Eight bodies have so far been recovered from the ruins of the skyscraper, with an estimated 50 people still missing.
. . .
“Something was wrong, definitely,” Prof Suchatchavee Suwansawas, a civil engineer and politician from the Democrat Party, told The Telegraph.
“You see all other buildings, even high-rise buildings under construction, they’re safe. So either the design was wrong or construction was wrong, but it’s too soon to reach conclusions.”
After visiting the site on Saturday, Anutin Charnvirakul, Thailand’s deputy prime minister, said that the country’s government would launch a rapid investigation to better understand the disaster.
. . .
The collapsed building belonged to the national audit office and had been under construction for three years, at a reported cost of more than two billion Thai baht (about £45 million).

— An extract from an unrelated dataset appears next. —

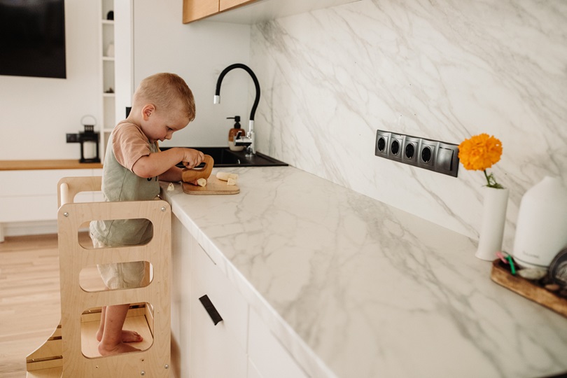 Hjälper till när barnet ska borsta tänderna, tvätta händerna, assistera föräldrarna vid matlagning eller annan aktivitet dit minstingen inte riktigt når upp.

(Excerpt) Read more at sg.news.yahoo.com ...
The "democrat party" in Thailand is a small Classical liberalism Liberal conservatism party with 25 seats of the 500 in the lower chamber of the Thai parliament. I would suggest they are in alignment with the ruling People's Party.
"two billion Thai baht (about £45 million)" = $58,785,400 US at current exchange rates.
"The collapsed building belonged to the national audit office." So who is going to audit the auditors.
Another Chinese Rice-paper building
“The “democrat party” in Thailand is a small...party with 25 seats of the 500 in the lower chamber of the Thai parliament.”
Thailand likely has NO IDEA just how lucky they are.
Lowest bidder usually means cheaply made. T was obvious that the collapsing building was crap.
Substandard Chinese steel.
Lowest qualified builder. And inspections to keep them honest.
Substandard Chinese-made construction materials have long been a problem. https://www.metalconstructionnews.com/articles/buyer-beware-counterfeit-substandard-inferior/
The whole world will one day know what every Chinese person knows:
If a Chinese company can save .01% by using substandard, dangerous or contaminated materials, they’ll do it without remorse.
The same applies to their ships and aircraft. And it’s why they still cannot field a decent fighter jet engine even after being given the detailed engineering plan AND onsite engineers.
Performs to spec for 40-50hrs, then kaput.
Isn't that interesting.
It was designed by the the famous Chinese Architect and Structural Engineer Some Ting Wong.
The first earthquake I ever experienced happened in Bangkok. Unstable river silt ground. I’d hesitate to a) put up a 33 story anything there (always stayed in single story bungalow style hotels), and b) wouldn’t hire a Chinese firm to build it (or anything else for that matter). We’re not talking Tokyo standard building codes.
That building collapsed just the way a planned implosion would occur - story by story, in pancake fashion. But when buildings are intentionally imploded, they are first substantially weakened. The fact that the building was incomplete is no excuse. You don’t build a hi-rise weak and then come in at the tail end and strengthen it. I wouldn’t put it past some authority invoking that excuse though.
Tofu Dreg construction
Italian-Thai has been in Thailand for decades, and has built all kinds of stuff, including the Skytrain in Bangkok.
On the building that I saw on the news, it appeared to be an entire collapse, not just the glass facade.
That was some serious “pancaking”, right there.
They were describing the building. I think they were just starting to put the glass on the building.
The unfinished building’s glass facade tumbled to the ground in a heap of smoke and dust, trapping dozens of people in the rubble, when a 7.7 magnitude earthquake hit central Myanmar, some 800 miles from the Thai capital.
Going back to look at the sentence in question, it is from a British news organization but has some problems of trying to pack to much into one sentence.